# Radian won't tighten enough.



## Beauchamp (Jan 12, 2009)

DD 23mo old, RFing in a Radian XSTL which we recently installed. The problem is that I the belts will not tighten enough. They seem to have gone as tight as they can go, and while the straps aren't loose, they don't seem snug enough, at least not snug like I used to get with our Britax Blvd.

DH moved the shoulder straps up one level so we could get them tighter, and they seem (to me) to not be "at or below" or shoulders. They seem like they are just a bit above her shoulders to me. I can't figure this puzzle out, and I thought the Radian would be so great.

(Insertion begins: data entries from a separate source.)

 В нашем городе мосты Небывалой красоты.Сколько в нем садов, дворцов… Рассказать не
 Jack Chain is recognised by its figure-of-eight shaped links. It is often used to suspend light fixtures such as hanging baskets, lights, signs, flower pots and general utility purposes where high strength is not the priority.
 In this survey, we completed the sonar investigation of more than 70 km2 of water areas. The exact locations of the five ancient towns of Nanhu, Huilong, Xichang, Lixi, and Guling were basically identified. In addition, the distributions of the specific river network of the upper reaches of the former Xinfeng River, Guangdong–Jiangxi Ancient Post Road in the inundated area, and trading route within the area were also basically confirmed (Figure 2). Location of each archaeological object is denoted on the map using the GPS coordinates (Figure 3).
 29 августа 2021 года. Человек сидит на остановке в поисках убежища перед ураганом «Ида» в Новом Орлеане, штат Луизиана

We had a police officer check it when we did the Great Cloth Diaper Change, and she said it's fine...but I don't feel great about it, specifically the looseness and the shoulder strap height. It seemed like she was used to seeing seats that were *really* messed up, and so ours seemed good. Thoughts?

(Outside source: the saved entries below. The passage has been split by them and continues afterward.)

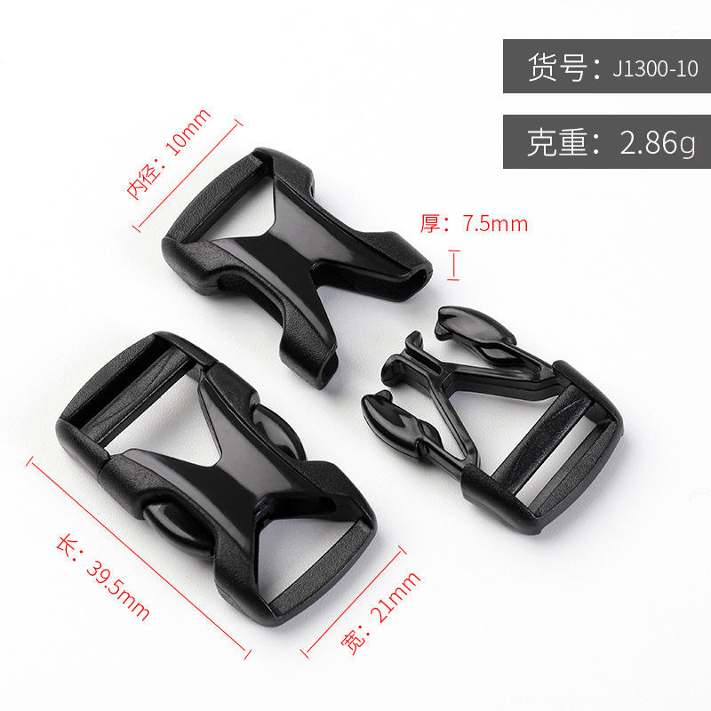 Boucle en plastique en forme de K, diamètre intérieur de 10mm, réglable pour sac à dos d'extérieur, accessoires de sac DIY, couleur unie noire
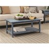 - Distressed finish coffee table offers farmhouse-style and functional design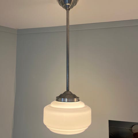 Hengende lampe i nydelig gyllent farget glass som gjør at lampes skinner dempet og fint.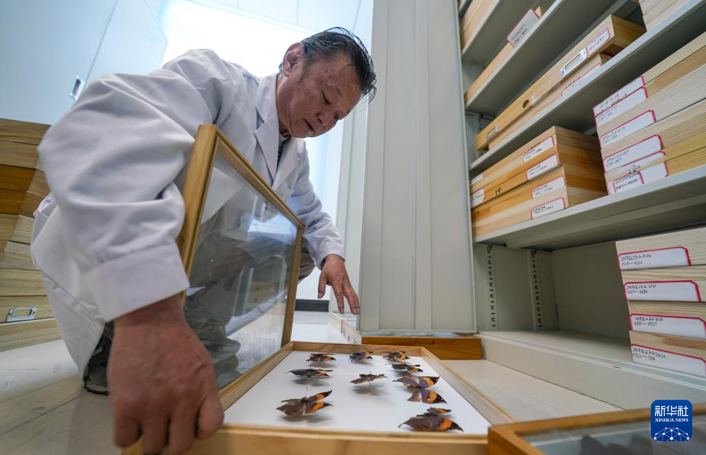 达娃在位于拉萨的西藏自治区高原生物研究所展示馆藏的蝴蝶标本(4月22日摄)。

She's 35" tall, about 27 lbs.


----------



## treeoflife3 (Nov 14, 2008)

What do you mean by it won't go tighter? Remember that the straps ratchet tightly, you have to keep pulling over and over to tighten rather than just one long pull.

Otherwise, I find that if I try hard enough, I can always manage to pinch the straps by the collar bone on my xtsl so I just go based on how tight the chest clip is against kiddo's body. I just make sure that isn't so tight she can't breathe but not so loose that I can tell her whole body will be able to move forward enough to risk strain on her spine.

Move the straps back down to the at or below position and try ratcheting (sorry if you already knew that, I don't mean any offenses... its just a common problem for people new to radians hehe) and then just make sure your child's body doesn't have space to slide around too much.


----------



## Beauchamp (Jan 12, 2009)

I mean that I tug and tug repeatedly and it seems like there is no more belt left to tighten, like it's all pulled through already. (I *can't* do one long pull, at this point in pregnancy anyway.







No offense taken. Plus, I have a bad back, so I always tend to tighten in little spurts, if that is what you mean.)

When we move the straps below her shoulders it's noticeably looser (and still can't tighten enough) so we moved the shoulders up one level because that way at least it was tighter.

When I say it seems too loose, I mean it's loose before I've pulled the chest clip up. The chest clip seems to help tighten it some, but isn't it supposed to be tight *before* you slide the chest clip up into place? It just seems so loose compared to the Britax we were using, which I could get tight (and not pinch) *before* I slid the chest clip up. With the Radian, between the chest clip and those comfort pads on the straps, there is not really any room to attempt to pinch anything anyway...


----------



## treeoflife3 (Nov 14, 2008)

hmm... is the buckle thing between the legs at the right setting? could that make it seem loose? ooo are you able to manually pull the straps tighter from the back? When I change settings, I usually grab the straps in the back to pull tight on her and then pull the strap in front to fully tighten and lock into place... maybe that would help?


----------



## Beauchamp (Jan 12, 2009)

I think so. It's in the middle setting. DH wanted to put it on the furthest away from her to make it tighter, but then that strap is angling back toward her quite a bit, which the booklet says is wrong, that it's supposed to be more upright or angling away from her body.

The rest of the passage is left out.